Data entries
=== Section Start ===
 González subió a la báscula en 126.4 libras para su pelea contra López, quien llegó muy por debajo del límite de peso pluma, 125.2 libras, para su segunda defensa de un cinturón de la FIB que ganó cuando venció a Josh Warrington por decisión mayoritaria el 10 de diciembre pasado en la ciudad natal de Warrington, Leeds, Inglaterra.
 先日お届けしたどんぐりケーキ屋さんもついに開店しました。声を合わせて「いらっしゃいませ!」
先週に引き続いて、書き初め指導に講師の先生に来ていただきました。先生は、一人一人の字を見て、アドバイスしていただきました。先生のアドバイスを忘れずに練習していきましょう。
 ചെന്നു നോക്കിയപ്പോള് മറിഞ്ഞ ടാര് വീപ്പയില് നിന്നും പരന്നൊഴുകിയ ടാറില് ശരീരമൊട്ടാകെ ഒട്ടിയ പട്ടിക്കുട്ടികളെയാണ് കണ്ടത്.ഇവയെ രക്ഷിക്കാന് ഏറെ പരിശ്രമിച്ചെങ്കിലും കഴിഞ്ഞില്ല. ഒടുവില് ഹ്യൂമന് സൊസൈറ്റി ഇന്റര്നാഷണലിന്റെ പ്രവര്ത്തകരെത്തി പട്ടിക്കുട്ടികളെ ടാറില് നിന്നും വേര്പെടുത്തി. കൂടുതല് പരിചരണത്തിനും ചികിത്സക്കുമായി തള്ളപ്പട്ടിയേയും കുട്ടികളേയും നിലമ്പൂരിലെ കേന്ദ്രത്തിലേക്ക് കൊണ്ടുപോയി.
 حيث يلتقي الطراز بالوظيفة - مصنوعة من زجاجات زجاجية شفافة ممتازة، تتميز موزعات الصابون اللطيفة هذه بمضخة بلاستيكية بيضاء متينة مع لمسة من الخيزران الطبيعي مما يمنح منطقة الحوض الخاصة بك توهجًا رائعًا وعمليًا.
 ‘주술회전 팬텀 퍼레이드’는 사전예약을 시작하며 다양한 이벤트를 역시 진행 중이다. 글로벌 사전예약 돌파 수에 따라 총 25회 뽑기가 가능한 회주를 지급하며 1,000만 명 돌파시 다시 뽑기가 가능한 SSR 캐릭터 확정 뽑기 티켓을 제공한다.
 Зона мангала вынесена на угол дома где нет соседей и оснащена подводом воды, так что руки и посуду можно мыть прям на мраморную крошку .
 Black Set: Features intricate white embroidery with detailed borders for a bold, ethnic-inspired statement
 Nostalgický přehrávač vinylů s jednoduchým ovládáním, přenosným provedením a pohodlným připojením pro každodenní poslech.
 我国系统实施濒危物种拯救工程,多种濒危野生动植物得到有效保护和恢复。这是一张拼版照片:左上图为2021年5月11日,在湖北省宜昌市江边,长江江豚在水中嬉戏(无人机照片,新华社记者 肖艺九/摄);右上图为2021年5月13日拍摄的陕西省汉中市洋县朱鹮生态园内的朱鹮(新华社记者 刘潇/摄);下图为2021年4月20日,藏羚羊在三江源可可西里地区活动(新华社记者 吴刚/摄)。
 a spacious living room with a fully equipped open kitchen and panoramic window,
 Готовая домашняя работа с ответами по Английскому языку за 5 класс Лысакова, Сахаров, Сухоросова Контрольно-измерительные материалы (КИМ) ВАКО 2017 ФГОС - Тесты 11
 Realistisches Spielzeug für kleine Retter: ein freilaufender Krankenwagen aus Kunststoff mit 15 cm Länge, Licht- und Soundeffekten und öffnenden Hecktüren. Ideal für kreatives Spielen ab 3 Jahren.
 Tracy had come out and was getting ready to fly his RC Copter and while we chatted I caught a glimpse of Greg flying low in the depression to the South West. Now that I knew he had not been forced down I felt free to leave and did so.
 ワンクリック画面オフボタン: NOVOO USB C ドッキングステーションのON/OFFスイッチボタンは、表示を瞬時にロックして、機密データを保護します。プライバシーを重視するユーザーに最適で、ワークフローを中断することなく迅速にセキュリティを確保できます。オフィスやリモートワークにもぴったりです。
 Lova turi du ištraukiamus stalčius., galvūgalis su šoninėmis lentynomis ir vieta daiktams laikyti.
=== Section End ===
• [YOUR GOAL]
Each record above is to be returned verbatim.

• [ANSWER BOX]
 González subió a la báscula en 126.4 libras para su pelea contra López, quien llegó muy por debajo del límite de peso pluma, 125.2 libras, para su segunda defensa de un cinturón de la FIB que ganó cuando venció a Josh Warrington por decisión mayoritaria el 10 de diciembre pasado en la ciudad natal de Warrington, Leeds, Inglaterra.
 先日お届けしたどんぐりケーキ屋さんもついに開店しました。声を合わせて「いらっしゃいませ!」
先週に引き続いて、書き初め指導に講師の先生に来ていただきました。先生は、一人一人の字を見て、アドバイスしていただきました。先生のアドバイスを忘れずに練習していきましょう。
 ചെന്നു നോക്കിയപ്പോള് മറിഞ്ഞ ടാര് വീപ്പയില് നിന്നും പരന്നൊഴുകിയ ടാറില് ശരീരമൊട്ടാകെ ഒട്ടിയ പട്ടിക്കുട്ടികളെയാണ് കണ്ടത്.ഇവയെ രക്ഷിക്കാന് ഏറെ പരിശ്രമിച്ചെങ്കിലും കഴിഞ്ഞില്ല. ഒടുവില് ഹ്യൂമന് സൊസൈറ്റി ഇന്റര്നാഷണലിന്റെ പ്രവര്ത്തകരെത്തി പട്ടിക്കുട്ടികളെ ടാറില് നിന്നും വേര്പെടുത്തി. കൂടുതല് പരിചരണത്തിനും ചികിത്സക്കുമായി തള്ളപ്പട്ടിയേയും കുട്ടികളേയും നിലമ്പൂരിലെ കേന്ദ്രത്തിലേക്ക് കൊണ്ടുപോയി.
 حيث يلتقي الطراز بالوظيفة - مصنوعة من زجاجات زجاجية شفافة ممتازة، تتميز موزعات الصابون اللطيفة هذه بمضخة بلاستيكية بيضاء متينة مع لمسة من الخيزران الطبيعي مما يمنح منطقة الحوض الخاصة بك توهجًا رائعًا وعمليًا.
 ‘주술회전 팬텀 퍼레이드’는 사전예약을 시작하며 다양한 이벤트를 역시 진행 중이다. 글로벌 사전예약 돌파 수에 따라 총 25회 뽑기가 가능한 회주를 지급하며 1,000만 명 돌파시 다시 뽑기가 가능한 SSR 캐릭터 확정 뽑기 티켓을 제공한다.
 Зона мангала вынесена на угол дома где нет соседей и оснащена подводом воды, так что руки и посуду можно мыть прям на мраморную крошку .
 Black Set: Features intricate white embroidery with detailed borders for a bold, ethnic-inspired statement
 Nostalgický přehrávač vinylů s jednoduchým ovládáním, přenosným provedením a pohodlným připojením pro každodenní poslech.
 我国系统实施濒危物种拯救工程,多种濒危野生动植物得到有效保护和恢复。这是一张拼版照片:左上图为2021年5月11日,在湖北省宜昌市江边,长江江豚在水中嬉戏(无人机照片,新华社记者 肖艺九/摄);右上图为2021年5月13日拍摄的陕西省汉中市洋县朱鹮生态园内的朱鹮(新华社记者 刘潇/摄);下图为2021年4月20日,藏羚羊在三江源可可西里地区活动(新华社记者 吴刚/摄)。
 a spacious living room with a fully equipped open kitchen and panoramic window,
 Готовая домашняя работа с ответами по Английскому языку за 5 класс Лысакова, Сахаров, Сухоросова Контрольно-измерительные материалы (КИМ) ВАКО 2017 ФГОС - Тесты 11
 Realistisches Spielzeug für kleine Retter: ein freilaufender Krankenwagen aus Kunststoff mit 15 cm Länge, Licht- und Soundeffekten und öffnenden Hecktüren. Ideal für kreatives Spielen ab 3 Jahren.
 Tracy had come out and was getting ready to fly his RC Copter and while we chatted I caught a glimpse of Greg flying low in the depression to the South West. Now that I knew he had not been forced down I felt free to leave and did so.
 ワンクリック画面オフボタン: NOVOO USB C ドッキングステーションのON/OFFスイッチボタンは、表示を瞬時にロックして、機密データを保護します。プライバシーを重視するユーザーに最適で、ワークフローを中断することなく迅速にセキュリティを確保できます。オフィスやリモートワークにもぴったりです。
 Lova turi du ištraukiamus stalčius., galvūgalis su šoninėmis lentynomis ir vieta daiktams laikyti.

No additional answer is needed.